▶ [WHAT THE TASK REQUIRES]: For the material below, the expected output is exactly the lines between the line holding "More than a" and the line holding "機械サイズにほぼ対応する形で", inclusive, with pictures left out.

▶ [DATA FOR ANALYSIS]:
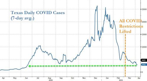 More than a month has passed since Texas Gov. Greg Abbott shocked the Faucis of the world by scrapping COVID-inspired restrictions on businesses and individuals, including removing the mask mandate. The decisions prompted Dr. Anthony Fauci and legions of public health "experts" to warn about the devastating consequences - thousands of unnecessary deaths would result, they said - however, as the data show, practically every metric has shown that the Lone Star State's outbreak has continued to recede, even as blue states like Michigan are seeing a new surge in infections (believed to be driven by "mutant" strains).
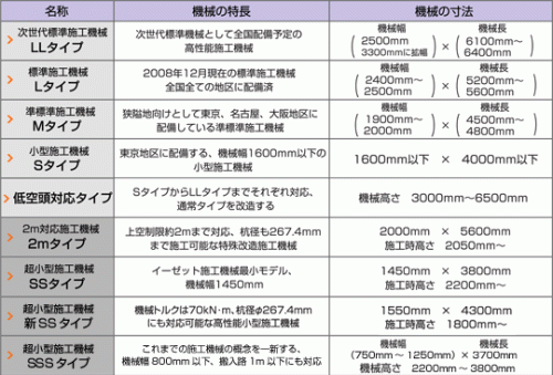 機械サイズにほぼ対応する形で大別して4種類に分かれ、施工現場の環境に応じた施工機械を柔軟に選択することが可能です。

--

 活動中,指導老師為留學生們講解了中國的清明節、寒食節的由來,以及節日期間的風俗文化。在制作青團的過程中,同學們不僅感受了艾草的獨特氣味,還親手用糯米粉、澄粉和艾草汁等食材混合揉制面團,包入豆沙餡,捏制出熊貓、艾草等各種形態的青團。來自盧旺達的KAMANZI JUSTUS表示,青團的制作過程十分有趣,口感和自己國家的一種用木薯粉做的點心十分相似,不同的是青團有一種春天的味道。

▶ [ANSWER SECTION]:
 More than a month has passed since Texas Gov. Greg Abbott shocked the Faucis of the world by scrapping COVID-inspired restrictions on businesses and individuals, including removing the mask mandate. The decisions prompted Dr. Anthony Fauci and legions of public health "experts" to warn about the devastating consequences - thousands of unnecessary deaths would result, they said - however, as the data show, practically every metric has shown that the Lone Star State's outbreak has continued to recede, even as blue states like Michigan are seeing a new surge in infections (believed to be driven by "mutant" strains).
 機械サイズにほぼ対応する形で大別して4種類に分かれ、施工現場の環境に応じた施工機械を柔軟に選択することが可能です。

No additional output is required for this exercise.